**TASK INSTRUCTIONS**
Below you will find a set of lines. Repeat them all exactly.

**DATASET RECORDS**
'''
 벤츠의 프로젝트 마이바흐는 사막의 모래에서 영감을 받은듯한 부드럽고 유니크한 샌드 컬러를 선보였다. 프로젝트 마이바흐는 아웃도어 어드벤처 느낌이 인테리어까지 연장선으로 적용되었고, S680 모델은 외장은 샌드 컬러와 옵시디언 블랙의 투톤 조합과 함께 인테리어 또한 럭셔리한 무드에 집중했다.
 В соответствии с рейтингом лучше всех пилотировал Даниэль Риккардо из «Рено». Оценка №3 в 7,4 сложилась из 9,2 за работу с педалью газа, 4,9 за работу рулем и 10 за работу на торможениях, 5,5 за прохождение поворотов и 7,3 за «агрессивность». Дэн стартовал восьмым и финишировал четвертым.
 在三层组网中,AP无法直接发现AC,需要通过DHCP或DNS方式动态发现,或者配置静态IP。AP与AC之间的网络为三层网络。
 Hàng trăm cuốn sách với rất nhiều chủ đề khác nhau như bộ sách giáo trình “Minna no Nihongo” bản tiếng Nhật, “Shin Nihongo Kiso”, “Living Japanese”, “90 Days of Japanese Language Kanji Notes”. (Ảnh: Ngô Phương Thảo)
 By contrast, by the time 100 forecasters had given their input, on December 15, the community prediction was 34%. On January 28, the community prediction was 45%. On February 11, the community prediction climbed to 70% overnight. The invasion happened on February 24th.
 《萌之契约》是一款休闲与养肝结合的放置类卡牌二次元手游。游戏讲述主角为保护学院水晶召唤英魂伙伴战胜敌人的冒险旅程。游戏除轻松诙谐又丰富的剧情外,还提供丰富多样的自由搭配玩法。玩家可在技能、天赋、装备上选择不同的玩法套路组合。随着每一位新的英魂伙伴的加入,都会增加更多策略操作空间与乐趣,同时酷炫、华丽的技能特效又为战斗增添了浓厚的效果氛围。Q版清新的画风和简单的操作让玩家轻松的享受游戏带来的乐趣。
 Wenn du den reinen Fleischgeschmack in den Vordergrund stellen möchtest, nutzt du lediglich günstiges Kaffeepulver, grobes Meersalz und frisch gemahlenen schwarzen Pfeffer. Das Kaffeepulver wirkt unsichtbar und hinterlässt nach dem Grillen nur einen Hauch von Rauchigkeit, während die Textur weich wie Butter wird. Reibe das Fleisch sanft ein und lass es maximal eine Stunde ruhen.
'''
**RESPONSE AREA**
 벤츠의 프로젝트 마이바흐는 사막의 모래에서 영감을 받은듯한 부드럽고 유니크한 샌드 컬러를 선보였다. 프로젝트 마이바흐는 아웃도어 어드벤처 느낌이 인테리어까지 연장선으로 적용되었고, S680 모델은 외장은 샌드 컬러와 옵시디언 블랙의 투톤 조합과 함께 인테리어 또한 럭셔리한 무드에 집중했다.
 В соответствии с рейтингом лучше всех пилотировал Даниэль Риккардо из «Рено». Оценка №3 в 7,4 сложилась из 9,2 за работу с педалью газа, 4,9 за работу рулем и 10 за работу на торможениях, 5,5 за прохождение поворотов и 7,3 за «агрессивность». Дэн стартовал восьмым и финишировал четвертым.
 在三层组网中,AP无法直接发现AC,需要通过DHCP或DNS方式动态发现,或者配置静态IP。AP与AC之间的网络为三层网络。
 Hàng trăm cuốn sách với rất nhiều chủ đề khác nhau như bộ sách giáo trình “Minna no Nihongo” bản tiếng Nhật, “Shin Nihongo Kiso”, “Living Japanese”, “90 Days of Japanese Language Kanji Notes”. (Ảnh: Ngô Phương Thảo)
 By contrast, by the time 100 forecasters had given their input, on December 15, the community prediction was 34%. On January 28, the community prediction was 45%. On February 11, the community prediction climbed to 70% overnight. The invasion happened on February 24th.
 《萌之契约》是一款休闲与养肝结合的放置类卡牌二次元手游。游戏讲述主角为保护学院水晶召唤英魂伙伴战胜敌人的冒险旅程。游戏除轻松诙谐又丰富的剧情外,还提供丰富多样的自由搭配玩法。玩家可在技能、天赋、装备上选择不同的玩法套路组合。随着每一位新的英魂伙伴的加入,都会增加更多策略操作空间与乐趣,同时酷炫、华丽的技能特效又为战斗增添了浓厚的效果氛围。Q版清新的画风和简单的操作让玩家轻松的享受游戏带来的乐趣。
 Wenn du den reinen Fleischgeschmack in den Vordergrund stellen möchtest, nutzt du lediglich günstiges Kaffeepulver, grobes Meersalz und frisch gemahlenen schwarzen Pfeffer. Das Kaffeepulver wirkt unsichtbar und hinterlässt nach dem Grillen nur einen Hauch von Rauchigkeit, während die Textur weich wie Butter wird. Reibe das Fleisch sanft ein und lass es maximal eine Stunde ruhen.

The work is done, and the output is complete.